- Directed by: Timothy Galfas
- Written by: Timothy Galfas Jeff King
- Story by: Jeff King Robert L. Schaffel
- Produced by: Robert Schaffel
- Starring: Joey Travolta
- Cinematography: Gary Graver
- Edited by: Herbert H. Dow
- Music by: Alan Douglas Harold Wheeler
- Distributed by: American International Pictures
- Release date: June 1, 1979 (New York City);
- Running time: 100 minutes
- Country: United States
- Language: English

= Sunnyside (1979 film) =

Sunnyside is a 1979 American action drama film written by Timothy Galfas and Jeff King, directed by Galfas and starring Joey Travolta.

==Plot==
In Queens, New York, Nick Martin is a gang leader in the tough neighborhood of Sunnyside, but he aspires to move his mother, Mrs. Martin, and two brothers to a better way of life. Nick, however, is entangled in the politics of the street and wants to help his community, as the leader of the “Nightcrawlers.” When vendors at a local carnival swindle Sunnyside residents, the Nightcrawlers join forces with rival hooligans, the Warlocks and the Deathmakers, to rob the amusement park.

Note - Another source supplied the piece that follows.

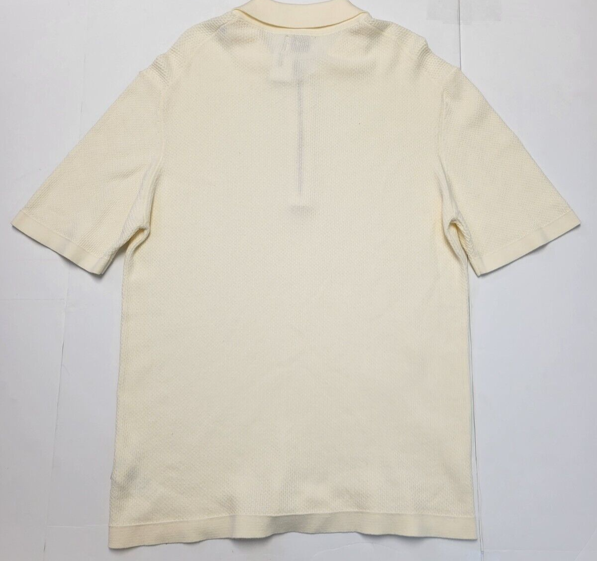 Description: Knit Cotton Zip Collared Short Sleeve Polo Sweater Brand: NNO7 Color: Ivory Size: Men's 2XL Condition: New with Tags, $185 Retail Please feel free to message for any other information needed. Discounts always available when purchasing multiple items. Thank you.

Although the groups agree to use fake weapons, a carnival employee is shot by a real gun at the hands of the Warlocks. As Nick confronts Warlock leader, Eddie Reaper, about the killing, tension between the rival gangs escalates. Meanwhile, Nick and his family make plans to move out of the neighborhood. Nick’s brother, Denny, a fledging artist, pursues employment as an illustrator, while Nick shows his mother an apartment in Manhattan. Violence erupts when the Warlocks murder a member of the Nightcrawlers. Nick and his gang retaliate by destroying the Warlocks’ hideout in an explosion. Before the final confrontation, Denny tries to warn his brother, but Nick is shot and killed, along with his rival, Reaper.

==Cast==
- Joey Travolta as Nick Martin
- John Lansing as Denny Martin
- Stacey Pickren as Donna Rosario
- Andrew Rubin as Eddie Reaper
- Michael Tucci as Harry Cimoli
- Talia Balsam as Ann Rosario
- Joan Darling as Mrs. Martin
- Chris Mulkey as Reggie Flynn

==Release==
The film was screened at the Embassy II theater in New York City on 1 June 1979.

==Reception==
Leonard Maltin awarded the film one and a half stars.